---- Supplied material
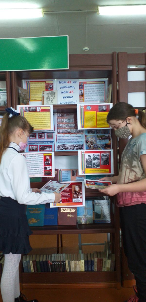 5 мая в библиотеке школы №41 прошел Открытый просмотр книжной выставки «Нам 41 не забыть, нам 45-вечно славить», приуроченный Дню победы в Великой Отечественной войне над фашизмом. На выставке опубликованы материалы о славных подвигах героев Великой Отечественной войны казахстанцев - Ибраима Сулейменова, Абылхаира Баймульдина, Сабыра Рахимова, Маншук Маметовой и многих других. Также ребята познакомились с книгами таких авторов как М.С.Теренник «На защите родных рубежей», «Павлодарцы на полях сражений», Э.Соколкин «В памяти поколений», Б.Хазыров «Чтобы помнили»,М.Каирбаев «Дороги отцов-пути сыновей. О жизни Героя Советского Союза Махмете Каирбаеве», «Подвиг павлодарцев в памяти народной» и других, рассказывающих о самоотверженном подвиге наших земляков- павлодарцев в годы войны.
--------
---- Supplied material
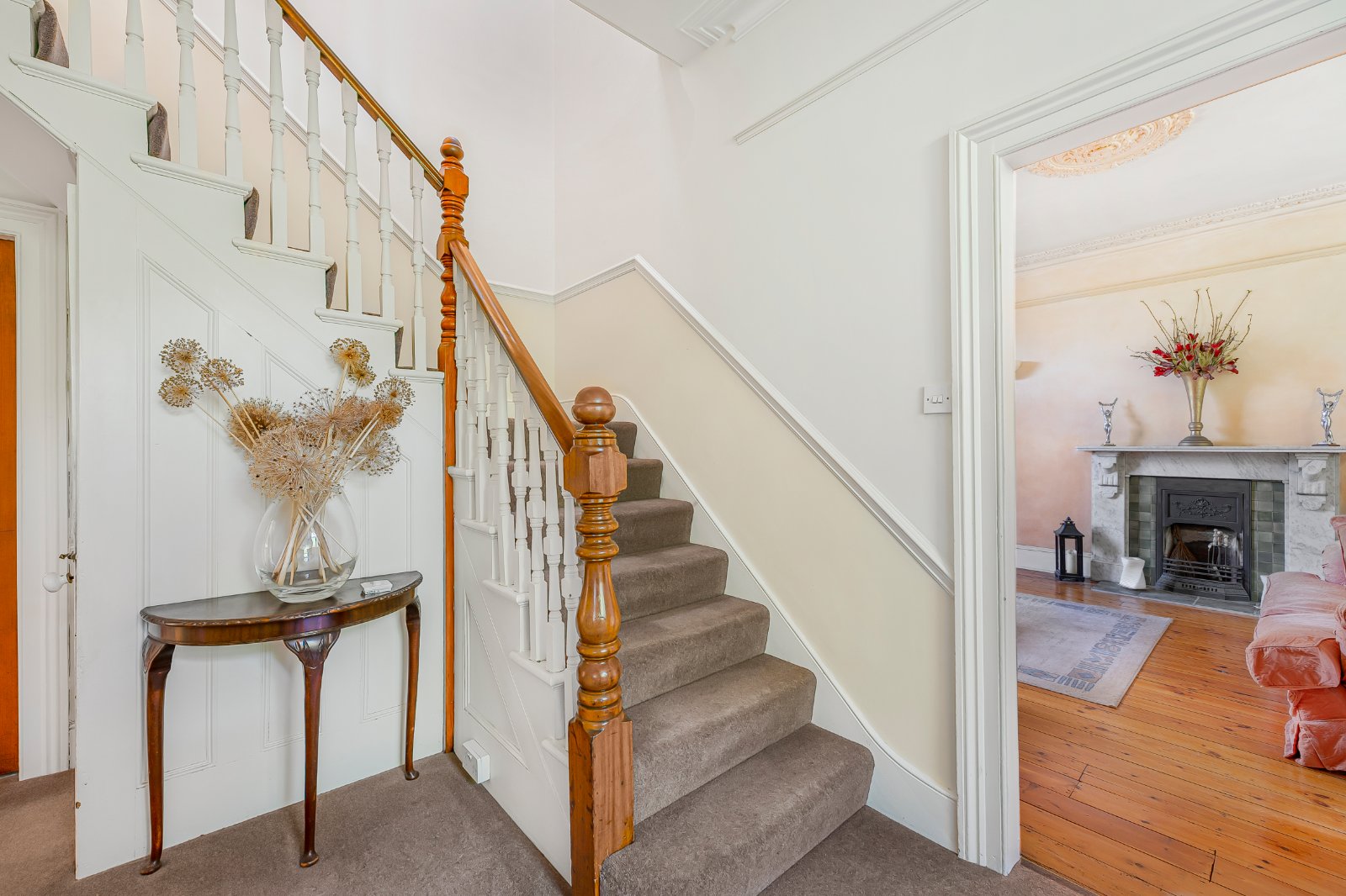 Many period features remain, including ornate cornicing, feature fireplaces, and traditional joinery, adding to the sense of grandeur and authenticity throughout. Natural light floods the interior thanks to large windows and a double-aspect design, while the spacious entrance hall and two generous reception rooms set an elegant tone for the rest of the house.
--------
---- Supplied material
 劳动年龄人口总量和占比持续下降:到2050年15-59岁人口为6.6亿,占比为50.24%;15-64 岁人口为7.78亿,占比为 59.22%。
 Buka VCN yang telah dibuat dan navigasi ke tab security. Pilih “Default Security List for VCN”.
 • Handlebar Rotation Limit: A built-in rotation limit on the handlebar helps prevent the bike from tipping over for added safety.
--------
- [Work to be completed]
Copy the lines above exactly, beginning at the line that has "Buka VCN yang" and stopping after the line that has "for added safety.", and omit the rest.

- [Worked solution]
 Buka VCN yang telah dibuat dan navigasi ke tab security. Pilih “Default Security List for VCN”.
 • Handlebar Rotation Limit: A built-in rotation limit on the handlebar helps prevent the bike from tipping over for added safety.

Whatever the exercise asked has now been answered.